(TASK GOAL)
Exactly the lines from the one containing "Invite friends and" through the end of the listing must make up the answer, with no pictures included.

(RECORDED DATA)
□ □ □ □ □ □ □
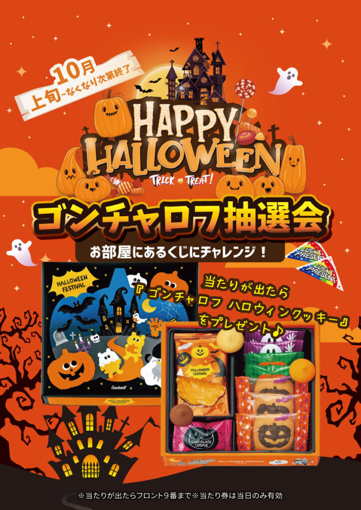 ★2025年10月ハッピーハロウィン★ 10月はハッピーハロウィンを開催♪♪お部屋のくじにチャレンジして、当たりが出たら見た目もカワイイ!”ゴンチャロフハロウィンクッキー”をプレゼント!! ご来店お待ちしております♪
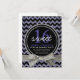 Invite friends and family to a special girl's sweet sixteenth birthday party with this funky purple zebra pattern invitation! Faux glitter style purple and solid black modern and trendy chevron zig zag print, accented with a pretty silver glittery style ribbon and bow, and double ringed circle with grey and purple text announcing a sweet 16. Four customizeable text areas for your party information. Several other coordinating products available in the store for a themed birthday celebration.
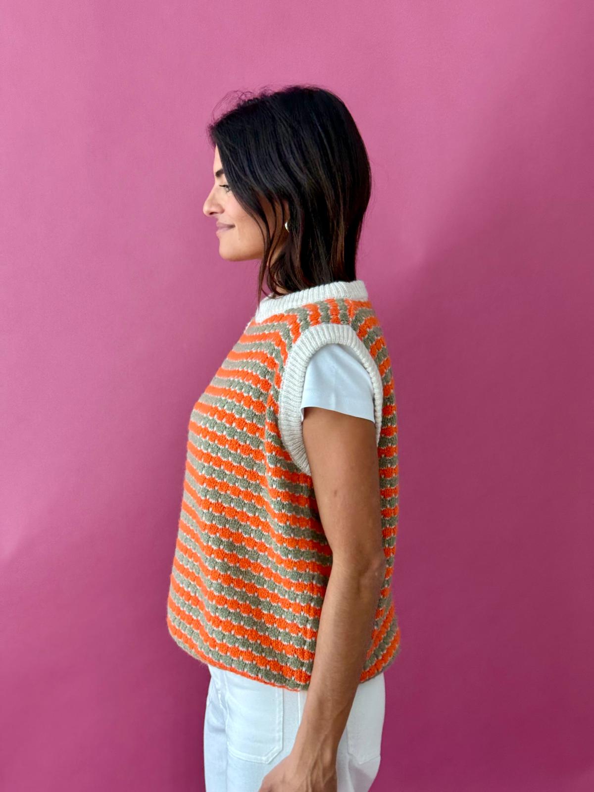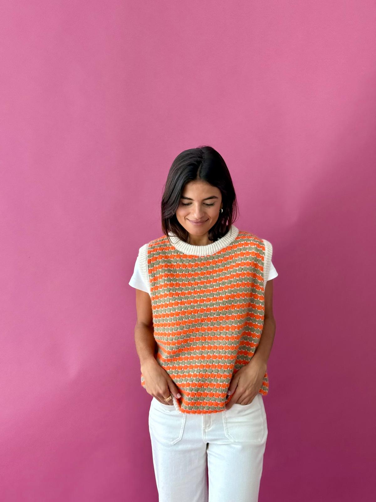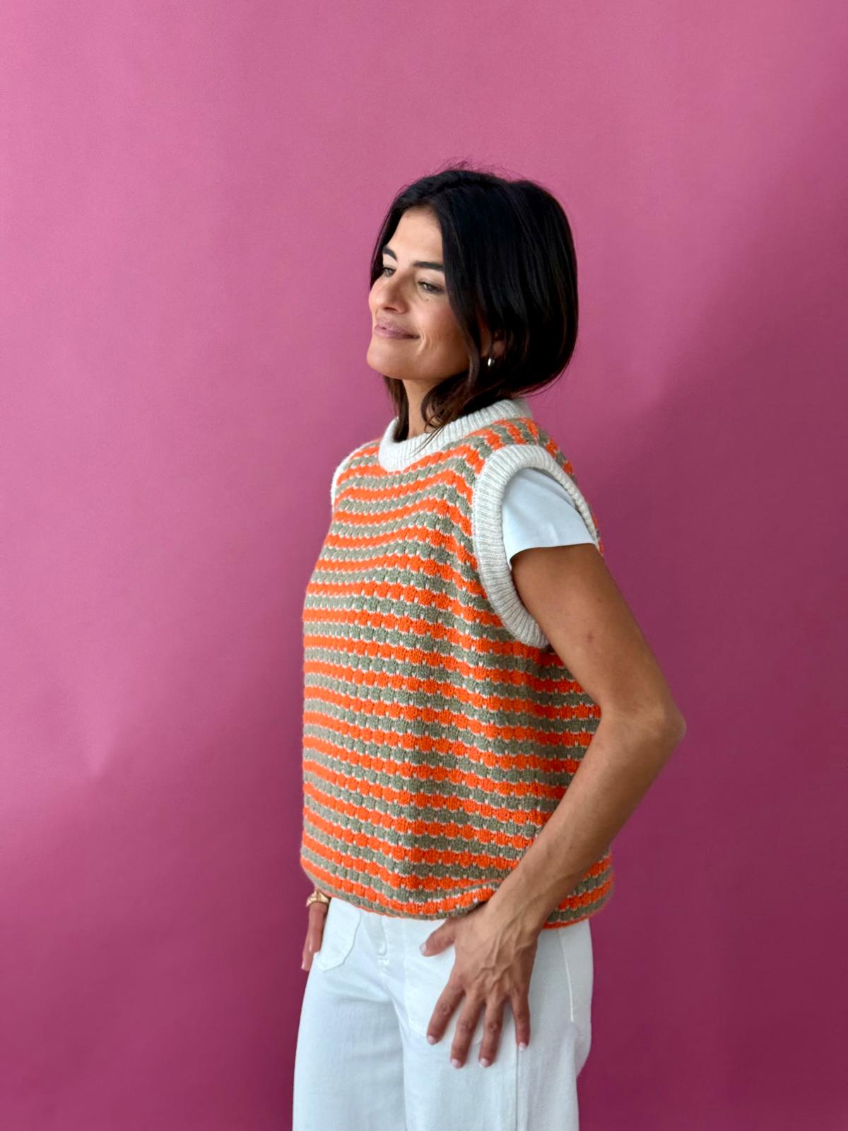 Chaleco de punto con efecto ondulado en tonos verde kaki, naranja y beige.
□ □ □ □ □ □ □
(SOLUTION TO THIS EXERCISE)
 Invite friends and family to a special girl's sweet sixteenth birthday party with this funky purple zebra pattern invitation! Faux glitter style purple and solid black modern and trendy chevron zig zag print, accented with a pretty silver glittery style ribbon and bow, and double ringed circle with grey and purple text announcing a sweet 16. Four customizeable text areas for your party information. Several other coordinating products available in the store for a themed birthday celebration.
 Chaleco de punto con efecto ondulado en tonos verde kaki, naranja y beige.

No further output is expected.